Впервые за вечер я узнал песню в гостиной. Печальный плач саксофона, за ним каскад чистых аккордов, мужской голос обрывками запел про сыновей немой эпохи[60]. Мне хотелось остаться и дослушать песню.

– Я не закончила, – сказала Триолет. – Он меня еще не дослушал.

– Извини, дорогуша, – отрезал Вик, и он больше не улыбался. – Как-нибудь в другой раз. – Он схватил меня за локоть, вывернул, дернул, поволок вон из комнаты. Я не сопротивлялся. Я знал по опыту, что если ему что-то втемяшится, лучше не возражать – а то можно и схлопотать по роже. Не всегда – только если он зол или расстроен, а сейчас он был зол.

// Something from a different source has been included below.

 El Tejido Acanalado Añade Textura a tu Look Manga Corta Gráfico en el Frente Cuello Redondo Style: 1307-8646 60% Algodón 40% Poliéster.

Мы очутились в прихожей. Вик потянул на себя входную дверь, и я оглянулся в последний раз, надеясь увидеть Триолет в дверях кухни, но там было пусто. Зато я увидел Стеллу, стоявшую на верхушке лестницы. Стелла смотрела на Вика, и я увидел ее лицо.

Это было тридцать лет назад. С тех пор я многое забыл и забуду еще больше, а в конечном итоге забуду все но если я и верю в жизнь после смерти, то эта моя вера живет не в псалмах и гимнах, но вот лишь в чем: я не верю, что когда-нибудь смогу забыть эту секунду и лицо Стеллы, смотревшей на убегающего от нее Вика. Даже в смерти своей я буду это помнить.

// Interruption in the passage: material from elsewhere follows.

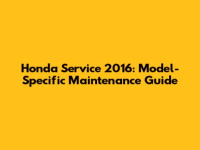 Honda Service 2016: Model-Specific Maintenance Guide
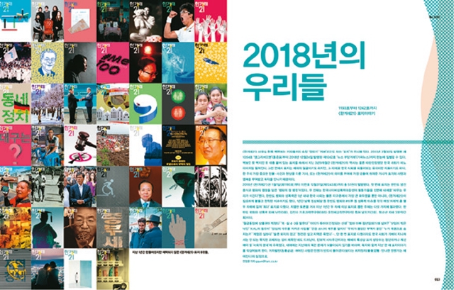 제1243호는 2018년 만든 50권의 표지 기사들을 살뜰하게 모아 ‘표지의 표지’로 구성했습니다. <한겨레21> 기자들은 늘 최선을 다해 기사를 쓰지만, 최선의 노력이 꼭 최선의 결과로 이어지는 건 아닙니다. 표지 왕관을 쓴 것도 모자라 총정리 표지에도 다시 등장한 ‘주목받은 기사’들도 있는 반면, 거의 읽히지 않거나 아예 쓰이지 않은 ‘주목받지 못한 기사’도 있습니다. 욕심 많은 기자들에게 2018년 아픈 손가락 같은 ‘묻힌 기사’와 ‘죽은 기사’(기사가 채택되지 않는 걸 ‘킬’이라고 합니다)를 물었습니다. 죽은 자식 다시 살리는 심정으로!

Ее одежда была в беспорядке, косметика на лице размазалась, а глаза…

Не злите Вселенную. У разъяренной Вселенной наверняка будут точно такие же глаза.

Мы с Виком неслись со всех ног, прочь от вечеринки, туристов и полумрака; неслись, будто гроза наступала нам на пятки, – бешеный суматошный забег по лабиринту запутанных улочек, и мы не оглядывались, и не останавливались, пока не задохнулись совсем, а потом остановились, хрипя, не в силах бежать дальше. Нам было плохо. Я держался за стену, а Вика вырвало, вывернуло наизнанку в придорожную канаву.

Он вытер рот.

– Она не… – Он замолчал.

Потряс головой.

Потом сказал:

– Знаешь… есть вещи… Когда зашел слишком далеко. И если сделаешь еще шаг, перестанешь быть собой. Ты будешь тот, кто сделал это. Куда-то просто нельзя заходить… По-моему, сегодня со мной вот такое и случилось.

Я решил, что понимаю.

– То есть ты ее трахнул? – предположил я.

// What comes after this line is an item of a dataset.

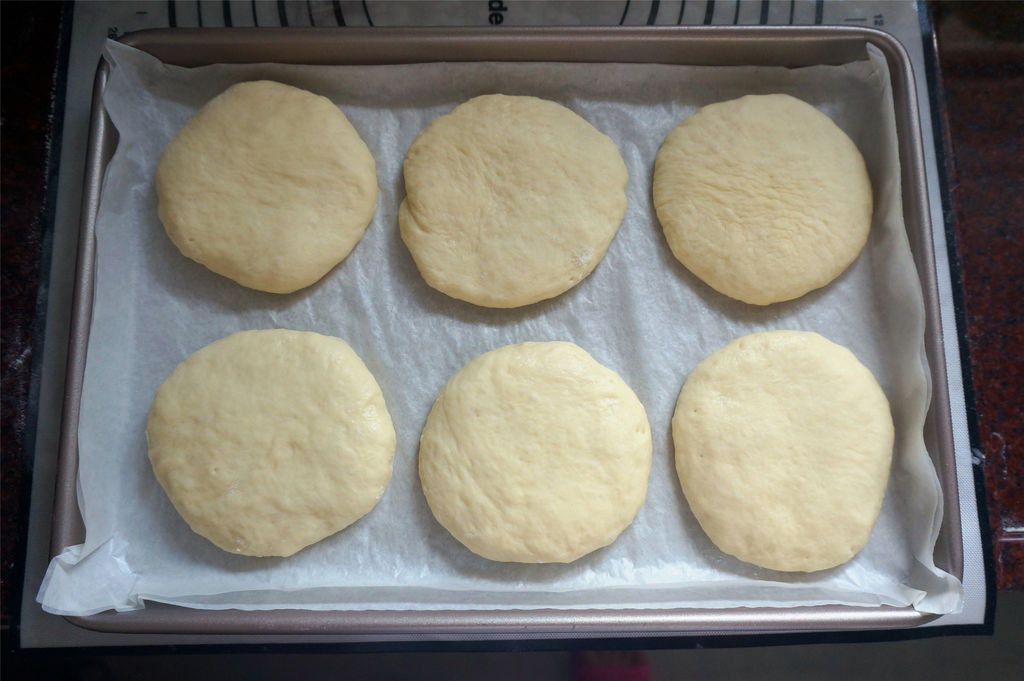 Cho từng viên bột vào khay nướng có lót giấy nướng. Ấn dẹt bột rồi để bột nở gấp rưỡi.

Он ударил меня кулаком в висок и ввинтил костяшки мне в кожу. Я подумал было, что сейчас придется с ним драться – и проиграть, – но Вик опустил руку и отошел, сдавленно сглатывая.

Я удивленно воззрился на него и сообразил, что он плачет: его лицо побагровело, слезы и сопли текли по щекам. Вик рыдал посреди улицы, откровенно и жалобно, как ребенок. Потом он пошел прочь, чтоб я больше не видел его лица, и его плечи вздрагивали. Я не понимал, что произошло на втором этаже, что его так напугало, – и даже не пытался строить предположения.

Один за другим зажглись уличные фонари; Вик ковылял по дороге, я плелся следом за ним, и мои ноги отбивали ритм стихотворения, которое, как ни старался, я так и не смог вспомнить и никогда не смогу повторить.

День, когда приземлились тарелки

The Day the Saucers Came. © Перевод. Н. Эристави, 2007.

В тот день приземлились летающие тарелки. Сотни —

      и все золотые.

Они беззвучно спускались с небес, подобно снежинкам

      огромным.

Они спускались – и все, без изъятья, земляне

Стояли. Глядели.

Пересыхали рты, зрела надежда понять —

Что там внутри?

Будет ли завтра у нас? Никто об этом не знал.

Но ты не заметил. А все – почему?

Потому что в тот день, когда приземлились

Летающие тарелки,

Как то ни странно звучит, разверзлись могилы —

И мертвецы восстали.

Зомби когтями взрывали мягкую почву

Иль возносились из древних могил – гниющая плоть

      и глаза пустые.

Неодолимые, шли они нам – живущим! – навстречу,

И мы смертным криком кричали и, словно крысы,

      бежали.

Но ты не заметил. А все – почему?

Потому что тот день, когда приземлились

Летающие тарелки.

И могилы покинули зомби, стал днем Рагнарёка.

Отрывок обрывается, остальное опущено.